§ **DATASET EXTRACT**:
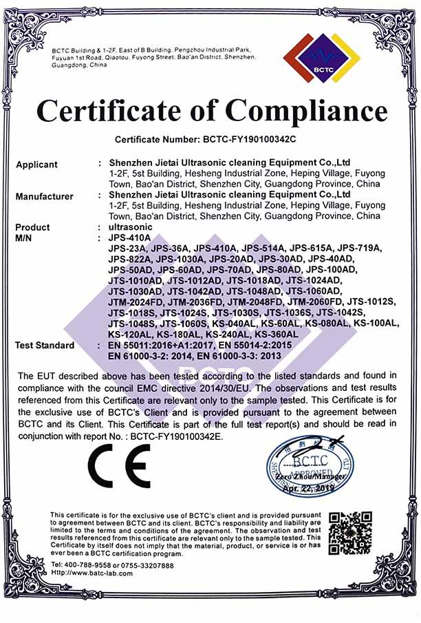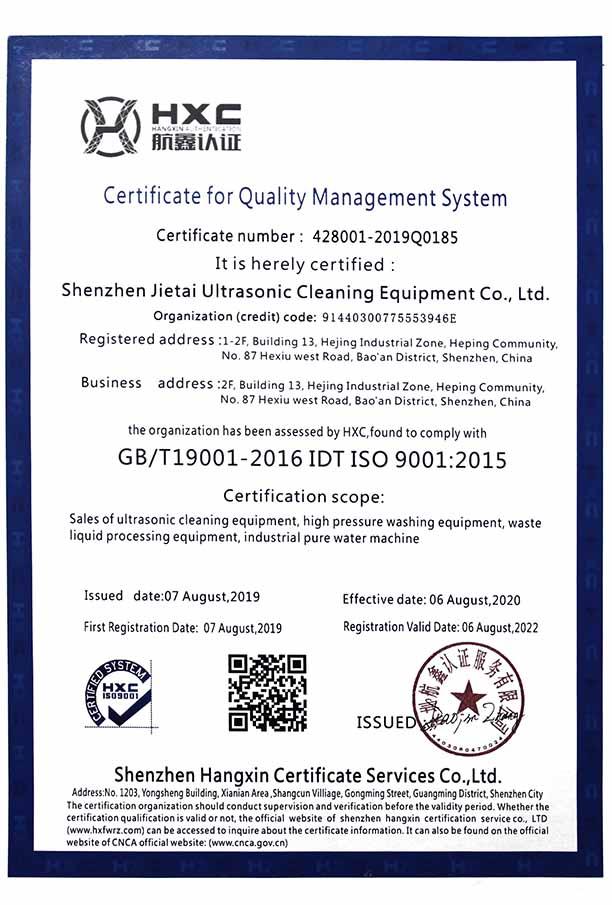 ? ? ? 公司全面實行嚴格的ISO9001:2008質(zhì)量體系管理,以創(chuàng)新著稱而躋身行業(yè)前列,所開發(fā)生產(chǎn)的各種超聲波清洗設備,先后通過CE、FCC、ROHS、等認證,產(chǎn)品專利達50多項,技術達國際同類產(chǎn)品先進水平。
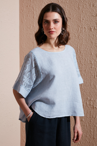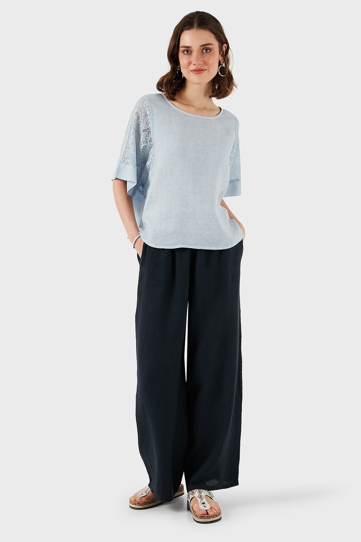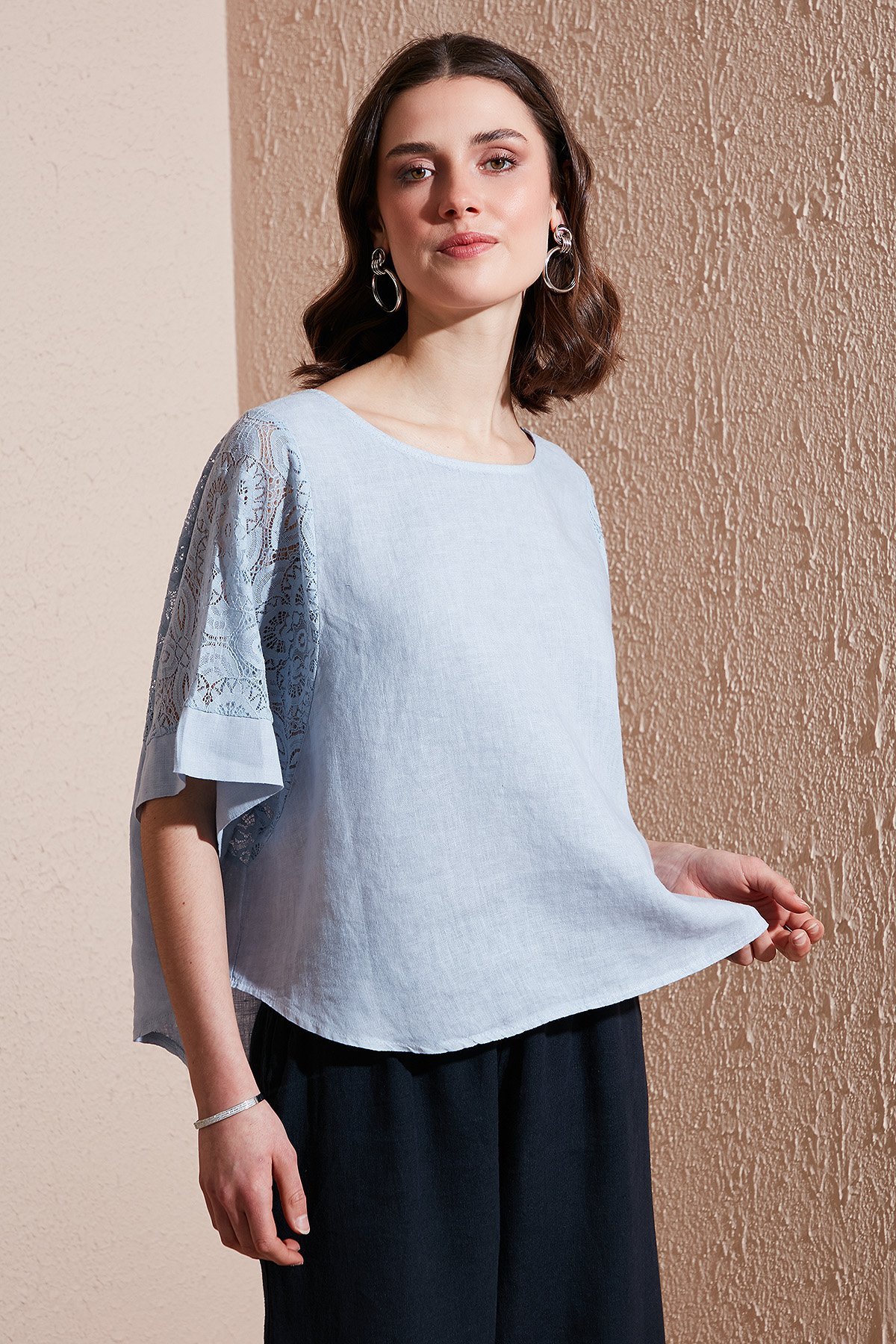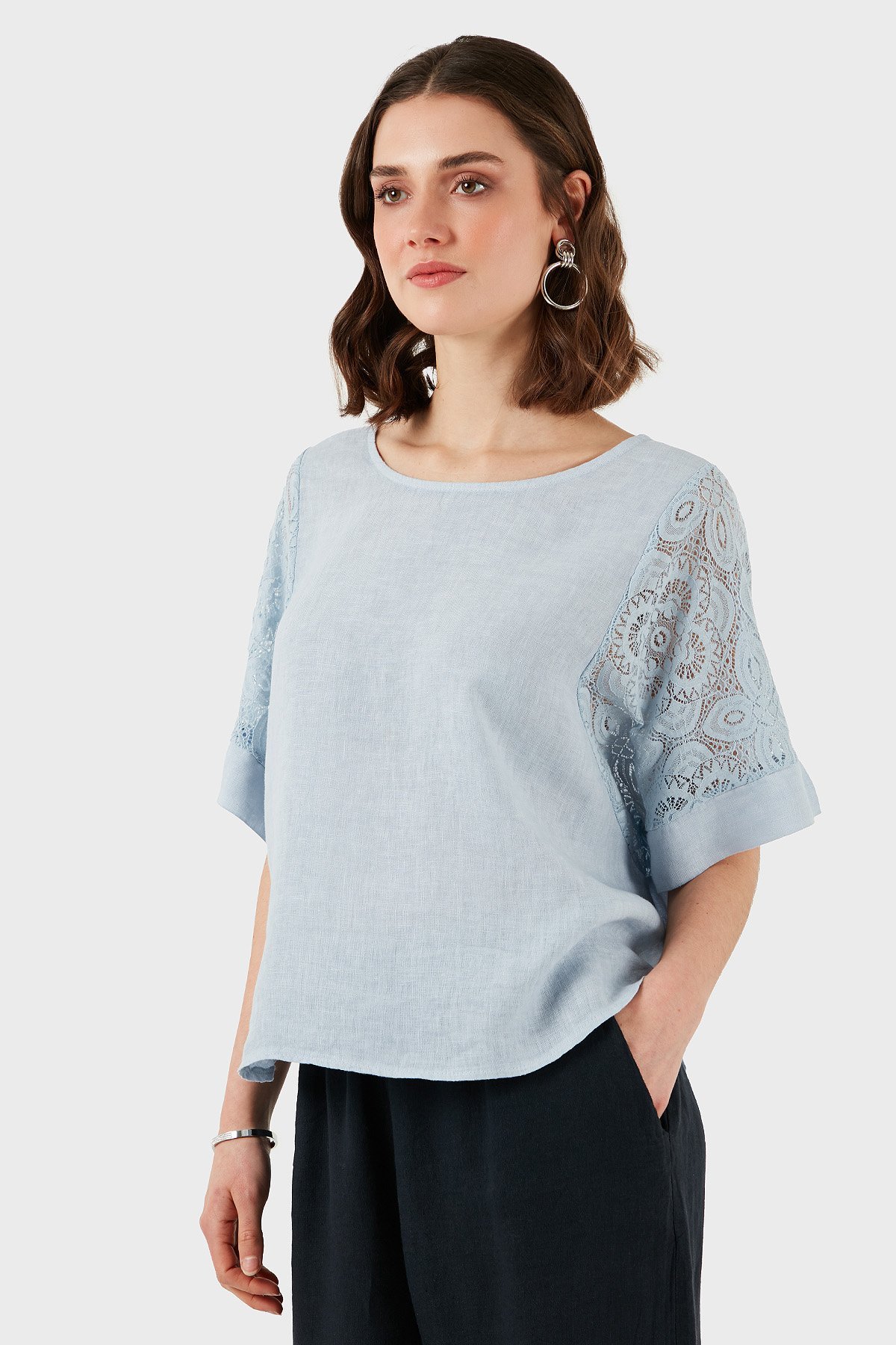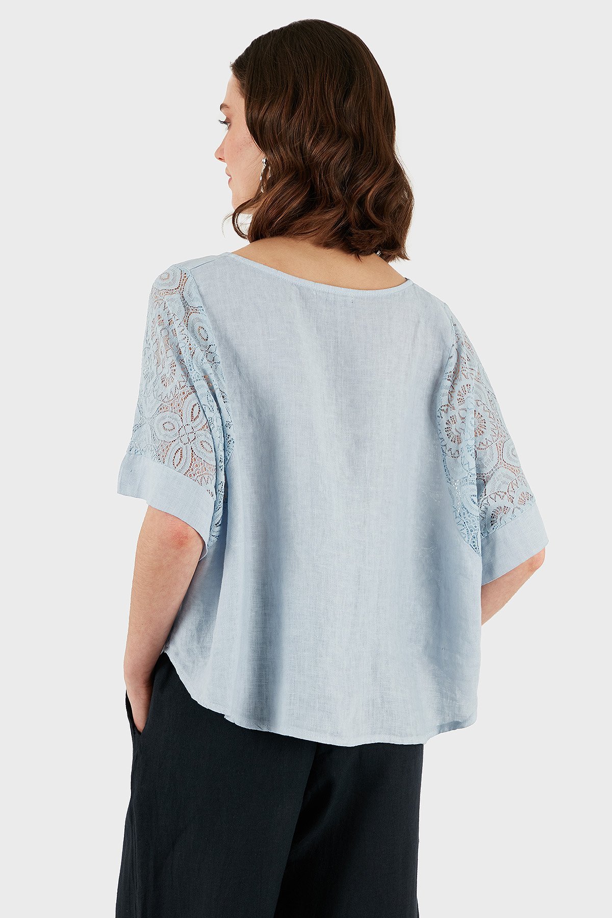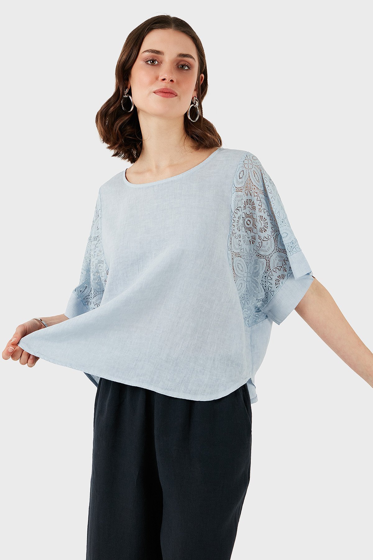 Regular Fit Dantel Detaylı Keten Bayan Bluz 7222690 AÇIK MAVİ
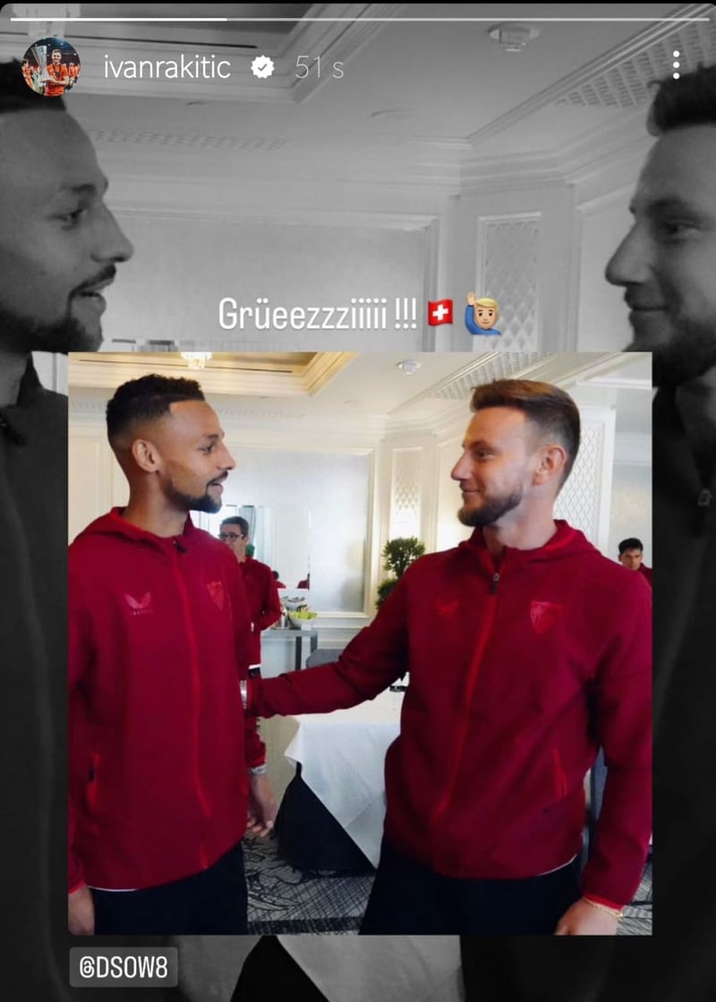 Así las cosas, mientras los responsables de marketing y redes sociales de la entidad hispalense preparaban los clásicos montajes audiovisuales del anuncio, Rakitic filtró sin querer una imagen de ambos en la concentración de Estados Unidos, junto al típico saludo de los cantones suizos de habla alemana: ¡Grüezi!. Aunque Ivan ha sido internacional por Croacia, nació en la localidad helvética de Möhlin (Argovia), de tradición germanófona como Djibril, natural de Zurich pese a su ascendencia senegalesa. La imagen fue retirada por el autor, acelerando seguramente la publicación, primero, de una siembra (traducción al inglés del apellido del protagonista), y, luego, de sendos vídeos del centrocampista defensivo vestido con sus nuevos colores.

§ **TASK STATEMENT**: Retype the listing above exactly as it appears, omitting the pictures.

§ **TASK SOLUTION**:
 ? ? ? 公司全面實行嚴格的ISO9001:2008質(zhì)量體系管理,以創(chuàng)新著稱而躋身行業(yè)前列,所開發(fā)生產(chǎn)的各種超聲波清洗設備,先后通過CE、FCC、ROHS、等認證,產(chǎn)品專利達50多項,技術達國際同類產(chǎn)品先進水平。
 Regular Fit Dantel Detaylı Keten Bayan Bluz 7222690 AÇIK MAVİ
 Así las cosas, mientras los responsables de marketing y redes sociales de la entidad hispalense preparaban los clásicos montajes audiovisuales del anuncio, Rakitic filtró sin querer una imagen de ambos en la concentración de Estados Unidos, junto al típico saludo de los cantones suizos de habla alemana: ¡Grüezi!. Aunque Ivan ha sido internacional por Croacia, nació en la localidad helvética de Möhlin (Argovia), de tradición germanófona como Djibril, natural de Zurich pese a su ascendencia senegalesa. La imagen fue retirada por el autor, acelerando seguramente la publicación, primero, de una siembra (traducción al inglés del apellido del protagonista), y, luego, de sendos vídeos del centrocampista defensivo vestido con sus nuevos colores.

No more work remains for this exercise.